Indeed, it seems to have resonated with UK audiences who have really taken Holly and the movie to heart. Since the festival, The Swerve has been picked up by Epic Pictures and it’s now available to own on-demand. “Critically [the FrightFest audience] picked up on things that in America they have not. They’ve touched on different things and I said “wow, they actually got this”. I mean, it’s not a criticism against the American write-ups, but they’re just different, and it’s been very pleasing.”

“Yeah, I think the film kind of has a sort of a European quality to it,” adds Skye. “You know there is sort of a touch of a foreign film sensibility to it. I even thought so on the page when I first read it. And I think that comes through and in the film that we shot.”

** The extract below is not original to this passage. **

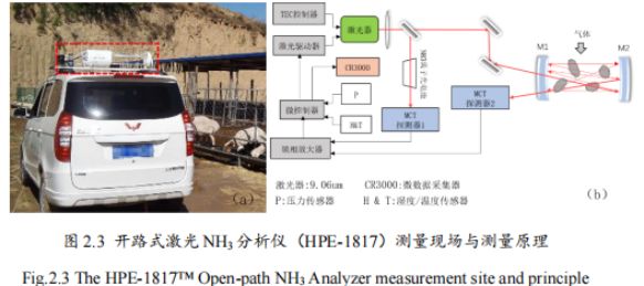 該項目使用了開路式激光NH3分析儀(HT8700)用于養(yǎng)殖場NH3 濃度的在線測量。該分析儀采用車輛移動平臺搭載形式(圖2.3a),它包括Healthy Photon HT8700大氣氨激光開路分析儀、 數(shù)據(jù)采集模塊、GPS 模塊、超聲波三維風速儀模塊和實時數(shù)據(jù)處理模塊等(圖2.3b)

The passion for this film – and for Holly – is clear. This is a character who pulls you as an audience in, ensuring you’re right there with her on this intense journey. It’s a film that will stay with you long after the credits roll and in Kapsalis’ case, long after the last scene was shot: “The last scene in the film was actually the last thing that we shot (for a very small budget film, we tried to do as much as we could in continuity, and that’s thanks to the producer, Tommy Minnix) and I was emotional.

“The only person who saw was a producer because he was just attuned to it. He saw me across the side and was like: “What’s the matter?” So I told him and he said: “Well, you know, have a moment and then you gotta get through it” and that’s what I did. I mean, I love the character deeply. It took me, no joke, it took me a while after shooting to let go of the character because she’d been with me for years. I love her.”

The Swerve is available on VOD/Digital now from Epic Pictures.